Parecer que rejeita terceirização de postos abre novo embate entre Prefeitura e Conselho de Saúde

Entidade vê pelo menos três irregularidades. Prefeitura não reconhece legitimidade do texto

Foto: Ivo Gonçalves / PMPA

O Conselho Municipal de Saúde de Porto Alegre (CMS) aprovou, por unanimidade, um parecer que rejeita o chamamento público para a terceirização dos Pronto Atendimentos da vila Bom Jesus e da Lomba do Pinheiro, ambos na zona Leste da cidade. A tendência, contudo, é de que a Prefeitura desconsidere a decisão do colegiado.

O Executivo vê problemas na composição do Conselho. Por conta disso, um primeiro episódio de embate entre as partes se registrou já na posse da nova gestão, que não ocorreu formalmente. No início do ano, os conselheiros fizeram um ato de protesto, em frente à Secretaria.

Em 16 de abril, a Prefeitura lançou a licitação para contratar uma organização social sem fins lucrativos para assumir a gestão das duas unidades, sob a promessa de que o processo vai qualificar e ampliar, sem aumento de custos, o atendimento à população. Os conselheiros de saúde, porém, apontaram problemas e falta de transparência no processo.

O parecer aprovado, elaborado pela Secretaria Técnica do Conselho, levanta três questionamentos sobre o chamamento público. O primeiro é que não houve processo administrativo anterior à licitação, demonstrando que realmente custa menos terceirizar a gestão. “Nada mostra que teremos diminuição dos gastos. Esse estudo não foi realizado”, ressaltou a coordenadora do Conselho, Maria Letícia de Oliveira Garcia, em entrevista ao Guaíba News desta sexta-feira.

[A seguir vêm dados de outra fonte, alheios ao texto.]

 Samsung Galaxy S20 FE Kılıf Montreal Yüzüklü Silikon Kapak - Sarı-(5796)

O segundo ponto é que não foram demonstrados, na fase de pré-qualificação, os custos reais e os resultados da execução direta. Além disso, o Conselho entendeu que a Prefeitura deixou de cobrar, do Ministério da Saúde, valores devidos pela municipalização do Hospital Materno Infantil Presidente Vargas, e não mediu o impacto da falta desse dinheiro para a Saúde do município. Assim, a recomendação é de que a licitação seja suspensa.

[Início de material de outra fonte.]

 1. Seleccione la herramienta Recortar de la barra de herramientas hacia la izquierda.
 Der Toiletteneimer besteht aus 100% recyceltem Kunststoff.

Maria Letícia explica que o parecer, concluído nessa quinta-feira, se baseou em informações sobre o chamamento público repassadas ao Conselho pela Secretaria Municipal de Saúde. Apesar de ter uma vaga na entidade deliberativa, o secretário Pablo Stürmer não compareceu à reunião, que ocorreu na Câmara de Vereadores.

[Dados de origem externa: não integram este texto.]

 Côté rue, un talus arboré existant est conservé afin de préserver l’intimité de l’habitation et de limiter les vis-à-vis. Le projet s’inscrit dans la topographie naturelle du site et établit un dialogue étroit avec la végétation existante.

A Prefeitura contesta a decisão. De acordo com a Secretaria da Saúde, há irregularidades na composição do colegiado. A Pasta esclarece que o parecer, ainda assim, vai ser encaminhado à Procuradoria-Geral do Município e aos Ministérios Público Federal e Estadual. A coordenadora do Conselho Municipal de Saúde informou que os conselheiros também devem recorrer ao Ministério Público.